Tuesday 23 June 2015

Pins

15.10

I’m back.

I tried finding happiness elsewhere. I tried to discover the joy in my body. I tried to ignore my casing and concentrate on the contents. But I couldn’t do it.

I fell for someone, someone else’s. Their love died before we met, but I catalysed the decay. My soul tells me that he was built for me, and that I am moulded for him. We’ll call him Loki. He is mischief and disorder. Since I told him in December that I love him my heart has burned. We’ve kissed and I’ve waited and some days I am sure that if I’m good enough, if I’m patient enough, if I love him enough, he’ll come to me for good and I’ll keep him like a promise.

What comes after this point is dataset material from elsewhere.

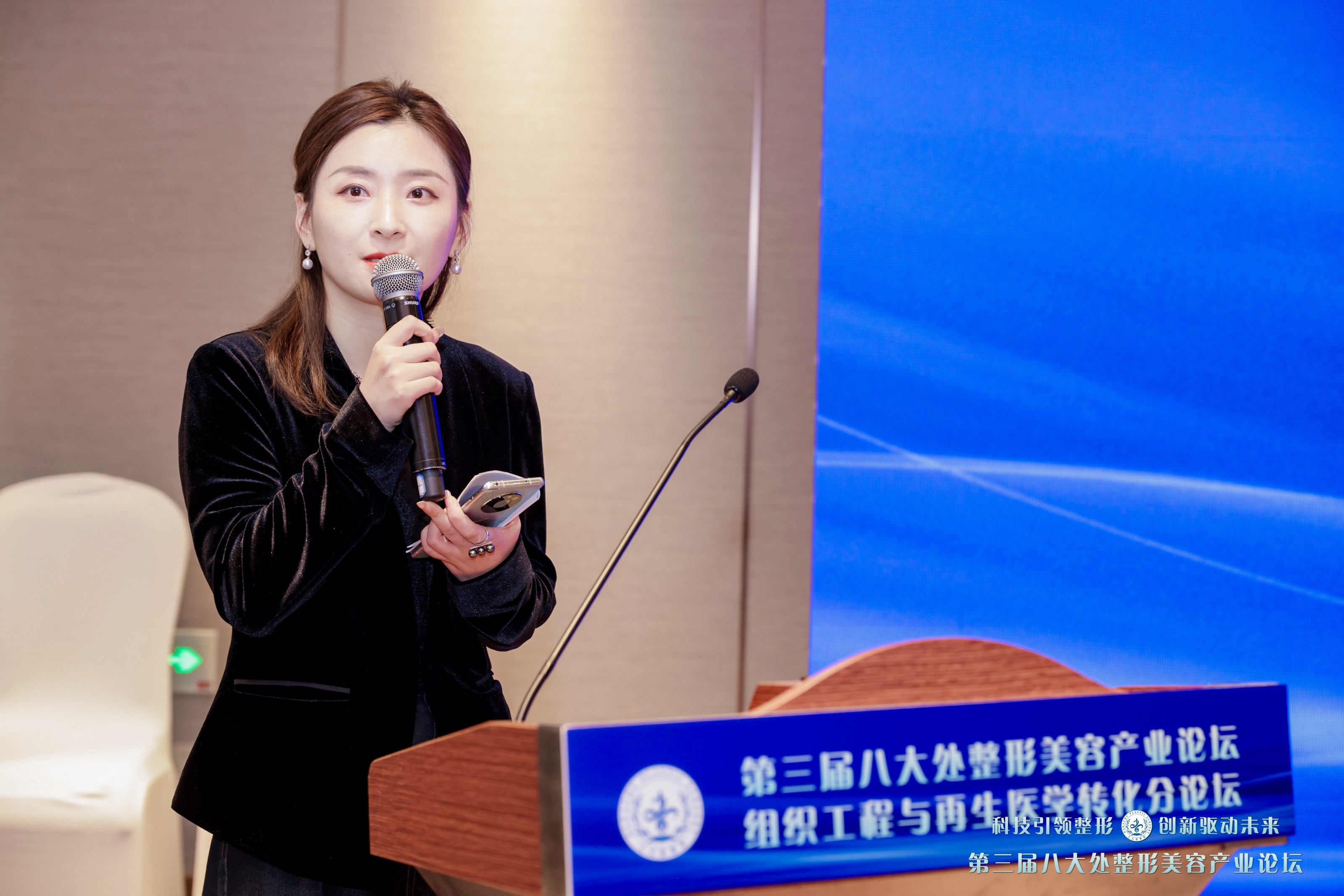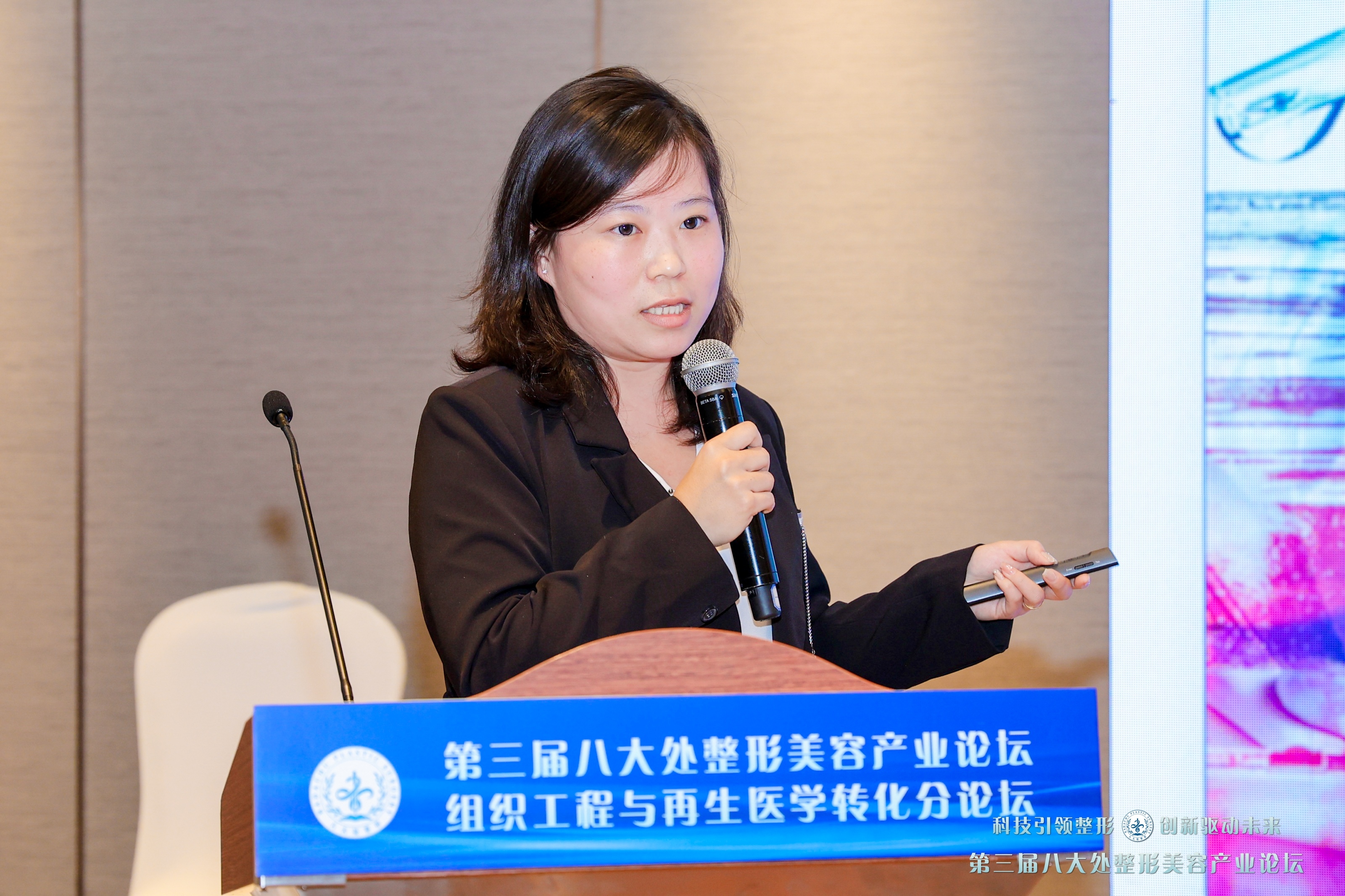 北京帝康醫藥投資管理有限公司總經理助理趙慧女士代表王海濱教授發表了題為《脫細胞基質生物材料的應用及其產業化》的演講,她詳細闡述了脫細胞基質分類、生物學功能及技術難點。重點討論了其在骨、軟骨、血管等組織修復中的應用,以及作為醫美填充材料的潛力。此外,還介紹了脫細胞基質材料的產業化現狀、已上市產品及在研項目,并通過動物試驗和臨床案例驗證了其安全性和有效性。

But finding something to love in my body hasn’t worked. When he touches me I recoil. I guess he thinks that I don’t want him to touch me, but that’s only because I feel so flabby. I like his hands, so why would I let him lose them in my flesh? My whole carcass is like quicksand.

I found four dresses.

They don’t fit me yet but they will.

I have to lose six inches off my bust and another six off my waist to fit them.

I will.


I need to stay away from love for just a little while. I need to send the fire to my muscles and my guts and hope the flames make a furnace there the way they have in my heart. 

1 comment:

  1. Hey there lung buddy ;) It's been a while!

    ED-head makes relationship stuff difficult, and vice versa. God knows it isn't easy. I've sworn off relationships until my head's in a better place (until I meet someone - then I'm a giddy daydreaming schoolgirl again). But I have to say that he obviously sees something in you that he cares for. He touches you because he wants to touch you. You are worth it, never doubt that.